A nine-year-old boy had to be rescued by firefighters from a pool of slurry which dragged him down like quicksand.

Ben Laycock was cycling over what he thought was a heap of mud next to a footpath on Ditchling Beacon, near Brighton, when he began to disappear into the 4ft-deep sludge.

Within seconds the schoolboy, of Tristram Close, Sompting, was up to his waist.

He could not climb out of the slurry, mixed with other noxious waste and which had been dumped at the beauty spot.

Four fire engines and more than a dozen firefighters rushed to the scene at 3.45pm on Friday to find the boy stuck in a 150-metre by 20-metre area of waste.

Ben said: "I thought it was a pool of soft mud but then I got stuck and after two minutes I started sinking quite fast.

"The more I tried to get out the more I sank.
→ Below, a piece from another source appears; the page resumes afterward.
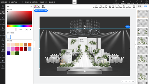 婚禮懶設(shè)計軟件專為婚慶工作相關(guān)人員提供了工作軟件,利用該工具能夠輕松的設(shè)置婚禮舞臺的效果,并在這里能夠進(jìn)行婚慶舞臺的流暢進(jìn)行制作,在這里能夠看到更多有關(guān)婚禮的各種素材內(nèi)容,并且在針對如今的婚慶相關(guān)的信息中,通過不斷的努力和優(yōu)質(zhì)的展現(xiàn)效果,通過該工具能夠一鍵生成各種不同的婚禮成果圖,更加直觀快速的給予新人對于婚禮場景效果能夠快速看到呈現(xiàn)的效果。
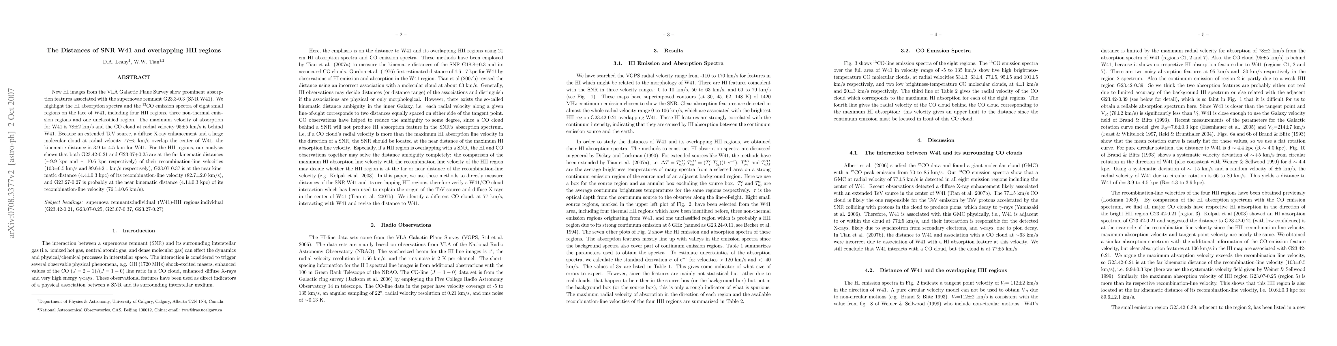 New HI images from the VLA Galactic Plane Survey show prominent absorption features associated with the supernovae remnant G23.3-0.3 (SNR W41). We highlight the HI absorption spectra and the $^{13}$CO emission spectra of eight small regions on the face of W41, including four HII regions, three non-thermal emission regions and one unclassified region. The maximum velocity of absorption for W41 is 78$\pm$2 km/s and the CO cloud at radial velocity 95$\pm$5 km/s is behind W41. Because an extended TeV source, a diffuse X-ray enhancement and a large molecular cloud at radial velocity 77$\pm$5 km/s are also projected at the center of W41, these yield the kinematic distance of 3.9 to 4.5 kpc for W41. For HII regions, our analyses reveal that both G23.42-0.21 and G23.07+0.25 are at the far kinematic distances ($\sim$9.9 kpc and $\sim$ 10.6 kpc respectively) of their recombination-line velocities (103$\pm$0.5 km/s and 89.6$\pm$2.1 km/s respectively), G23.07-0.37 is at the near kinematic distance (4.4$\pm$0.3 kpc) of its recombination-line velocity (82.7$\pm$2.0 km/s), and G23.27-0.27 is probably at the near kinematic distance (4.1$\pm$0.3 kpc) of its recombination-line velocity (76.1$\pm$0.6 km/s).

It was scary."

Watch manager Richard Chamberlain, from Preston Circus fire station, Brighton, was among the first to arrive after running the mile from the car park.

He said: "We found a boy up to his waist in toxic stuff and waded in to get him out.

"It's like quicksand. Luckily he did the right thing by keeping still.

"He was lucky he didn't fall down face first or he wouldn't have got out.

"He could have died in it."

After lifting Ben out, Mr Chamberlain became stuck himself and had to be helped out by another firefighter.

Ben's 42-year-old mum Nicky Morris had been walking her boxer dogs along the footpath when her son started calling for help.

She said: "Ben likes to go into anything he thinks he shouldn't.

"He was riding around it then fell off his bike and sank into it."

Miss Morris, who said she had vomited near the waste because the smell was so foul, said: "It's dangerous, right next to the public footpath.

"It should be fenced ff."

Ben was pulled free of the sludge just after 4.30pm and given a ride back to the car park on Guinness, a horse owned by Ditchling resident Edwina Rowling.

He was not injured but after being hosed down he was taken to the Royal Sussex County Hospital, Brighton, in a waiting ambulance for a check-up.

Officers from the Environment Agency said following initial investigations they believed the waste to be paper slurry, a form of liquefied paper.

But firefighters said they believed the waste also contained asbestos and animal waste.